Stored data:
════════════════════
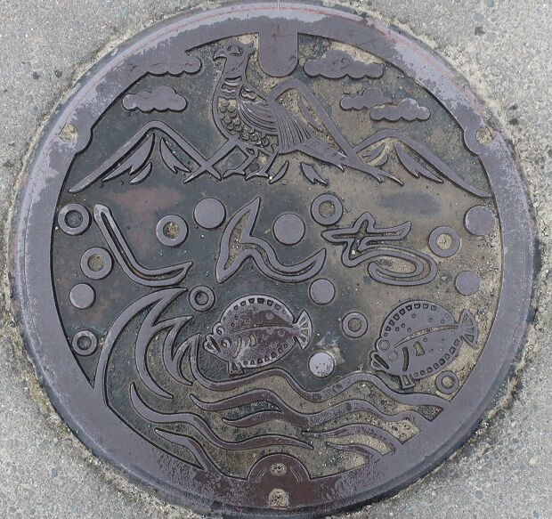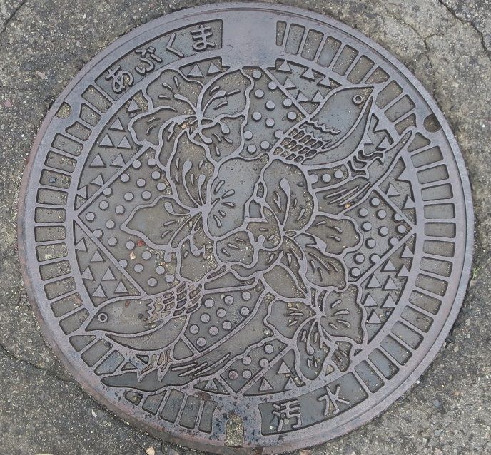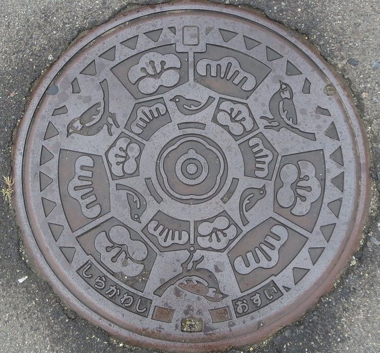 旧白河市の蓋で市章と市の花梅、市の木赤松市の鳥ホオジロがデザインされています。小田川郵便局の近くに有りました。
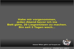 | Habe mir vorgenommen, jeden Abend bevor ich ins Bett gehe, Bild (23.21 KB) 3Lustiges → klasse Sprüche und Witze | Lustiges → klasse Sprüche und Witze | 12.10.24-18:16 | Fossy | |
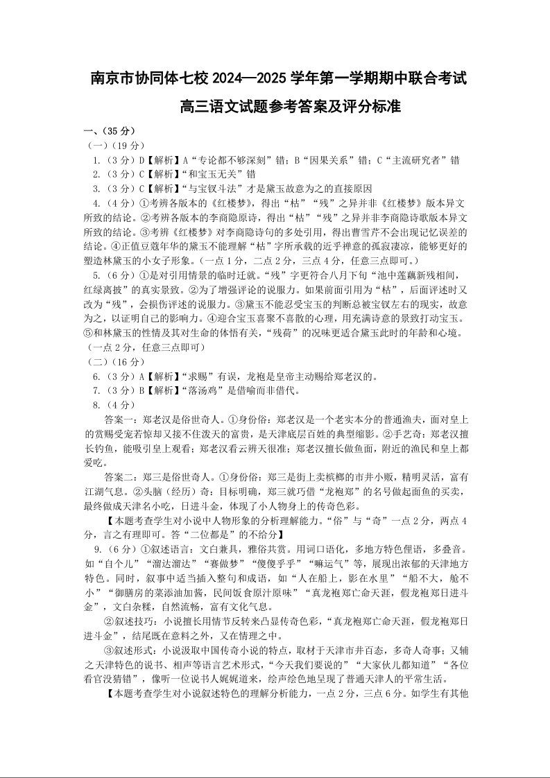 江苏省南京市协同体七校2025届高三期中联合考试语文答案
════════════════════
Goal of the exercise:
Would you output the listing above verbatim, without its pictures?

Task solution:
 旧白河市の蓋で市章と市の花梅、市の木赤松市の鳥ホオジロがデザインされています。小田川郵便局の近くに有りました。
 | Habe mir vorgenommen, jeden Abend bevor ich ins Bett gehe, Bild (23.21 KB) 3Lustiges → klasse Sprüche und Witze | Lustiges → klasse Sprüche und Witze | 12.10.24-18:16 | Fossy | |
 江苏省南京市协同体七校2025届高三期中联合考试语文答案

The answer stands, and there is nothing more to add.